JenSense had a great post (as usual) about Yahoo pulling its YPN ads out of MySpace:

MySpace has long been a marketing tool and a great way to drive traffic to other sites or advertising. But if you happen to be monetizing with MySpace and using Yahoo Publisher Network, you may get your account suspended, even if you have non-MySpace sites on your account as well.

Apparently YPN is shutting down the publisher accounts that are placing ads on MySpace.

So what’s really going on here? Why is YPN giving up on so many potential page views that it probably badly wants? Their termination email to the publishers mentions the reason being "poor traffic quality", but the real reason is probably more like poor targeting combined with too much traffic. Here’s the real story[1]:

While contextual advertising (such as Google’s AdSense and Yahoo’s YPN) is an amazing way to monetize content pages, there are fairly big pockets of content that are terrible for contextual matching. The main examples that come to mind are:

  • Finance pages – A reader of a financial site reading an article about Cisco is not really interested in buying a Cisco router.
  • Dating sites and social networks – The content of a dating page or social network page (about me, my favorite pet, hobbies, etc) has little or no connection to what the user is looking for while on those pages.
  • Home pages – Notorious for being difficult for contextual algorithms because they usually contain lots of very dynamic bits of data on a wide variety of topics.

But that hasn’t stopped Yahoo (nor Google) from placing ads on any of these pages in the past, so why is MySpace different?

Yahoo’s dirty little secret is that when the pages don’t contextualize well, Yahoo ignores relevancy and simply picks ads with high bids such as mortgage ads, credit card ads, etc. So even though click-through-rates on these pages are fairly low, Yahoo makes up for it because the bids on these categories are high (usually in the $2-5 range per click).

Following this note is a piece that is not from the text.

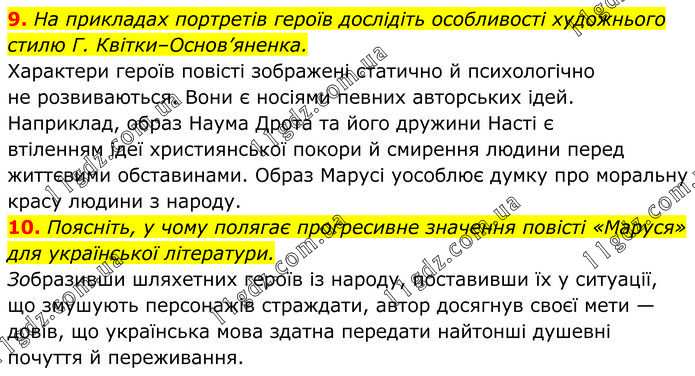 9. На прикладах портретів героїв дослідіть особливості художнього стилю Г. Квітки–Основ’яненка. Характери героїв повісті зображені статично й психологічно не розвиваються. Вони є носіями певних авторських ідей. Наприклад, образ Наума Дрота та його дружини Насті є втіленням ідеї християнської покори й смирення людини перед життєвими обставинами. Образ Марусі уособлює думку про моральну красу людини з народу. 10. Поясніть, у чому полягає прогресивне значення повісті «Маруся» для української літератури. Зобразивши шляхетних героїв із народу, поставивши їх у ситуації, що змушують персонажів страждати, автор досягнув своєї мети — довів, що українська мова здатна передати найтонші душевні почуття й переживання.

Of course the advertisers on those categories never intended to appear on pages that aren’t relevant for, well, credit cards, mortgages, etc. They’re bidding $5 to appear on a SERP or content page related to what they’re selling. They’re expecting a qualified lead for their buck. So how can Yahoo pull this trick without pissing off its advertisers?

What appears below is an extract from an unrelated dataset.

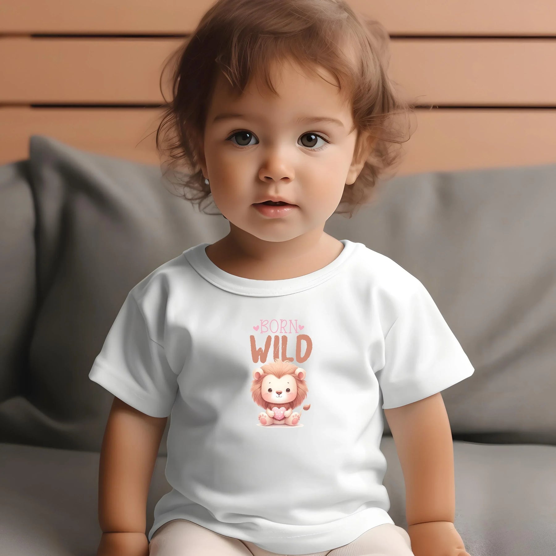 Dieses niedliche Baby-T-Shirt mit dem Aufdruck Born Wild“ und Löwenmotiv ist perfekt für kleine Entdecker! Ideal als Geschenk zur Geburt, zum 1. Geburtstag oder für den Kindergartenstart. Das Shirt ist weich, hautfreundlich und im klassischen Unisex-Schnitt für Jungen und Mädchen.

The secret is all in the proportion that Yahoo (or Google) can maintain between their highly targeted search placements and those irrelevant placements described above above. As long as the mortgage advertiser is seeing a big % of the traffic coming from Yahoo’s search, the non-relevant clicks get diluted in the mix and fly under the radar.

But as soon as this proportion is disrupted by adding the massive MySpace exposure, those bad clicks stopped flying under the advertisers’ radars. I bet Yahoo got very angry calls from advertisers surprised to see they were being placed on pages they never intended to be on and that have no relevance to the keywords they were bidding on.

In ways, this reminds me of the old scheme for robbing a bank by shaving the rounding errors of each transaction. This works great as long as you keep shaving fractions of a penny from each transaction, but scales pretty poorly if you start taking dollars from each transaction.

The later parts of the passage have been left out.